INSTRUCTIONS FOR THE TASK: The lines below from the one with "So the family" up to and including the one with "květinová klopa pro" are what you should set down, exactly and without pictures.
== DATA FOR REVIEW ==
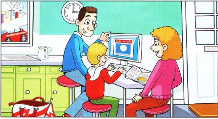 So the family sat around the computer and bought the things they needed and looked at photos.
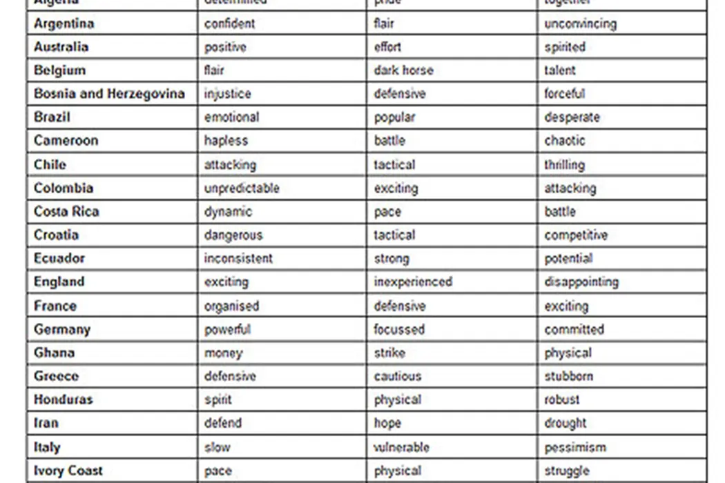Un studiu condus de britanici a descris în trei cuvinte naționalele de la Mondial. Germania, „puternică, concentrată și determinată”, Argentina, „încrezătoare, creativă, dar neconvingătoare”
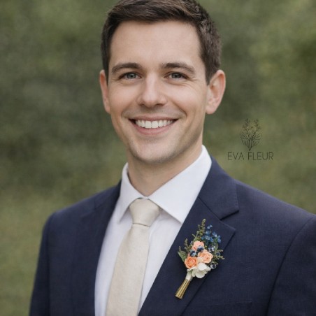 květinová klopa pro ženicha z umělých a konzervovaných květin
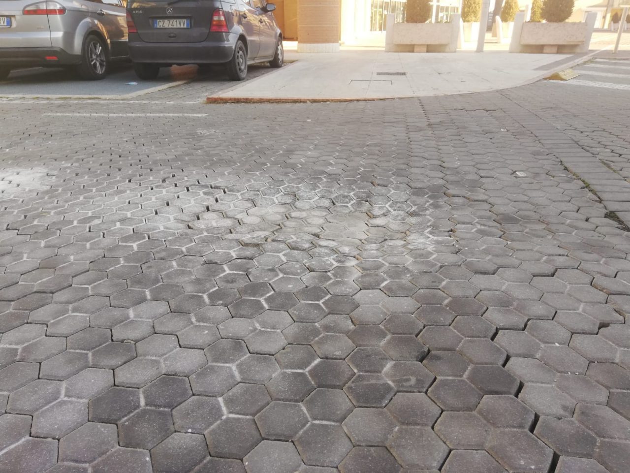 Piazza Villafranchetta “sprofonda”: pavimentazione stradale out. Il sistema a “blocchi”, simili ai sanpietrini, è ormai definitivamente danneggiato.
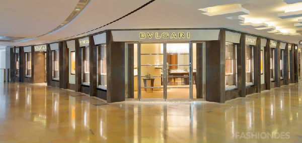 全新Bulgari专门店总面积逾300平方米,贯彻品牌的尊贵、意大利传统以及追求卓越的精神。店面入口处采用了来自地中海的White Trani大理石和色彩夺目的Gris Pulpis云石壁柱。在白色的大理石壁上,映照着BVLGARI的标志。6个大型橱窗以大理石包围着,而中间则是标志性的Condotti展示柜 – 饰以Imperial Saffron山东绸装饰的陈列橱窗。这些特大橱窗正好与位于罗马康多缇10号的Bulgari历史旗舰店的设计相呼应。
===
== DATA FOR REVIEW ==
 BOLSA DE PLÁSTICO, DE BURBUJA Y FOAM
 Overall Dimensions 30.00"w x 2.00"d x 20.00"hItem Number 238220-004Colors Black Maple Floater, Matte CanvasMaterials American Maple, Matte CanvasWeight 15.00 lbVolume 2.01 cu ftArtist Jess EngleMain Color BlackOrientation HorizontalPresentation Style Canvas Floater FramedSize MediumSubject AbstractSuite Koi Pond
===
RESULT FOR THIS EXERCISE:
 So the family sat around the computer and bought the things they needed and looked at photos.
Un studiu condus de britanici a descris în trei cuvinte naționalele de la Mondial. Germania, „puternică, concentrată și determinată”, Argentina, „încrezătoare, creativă, dar neconvingătoare”
 květinová klopa pro ženicha z umělých a konzervovaných květin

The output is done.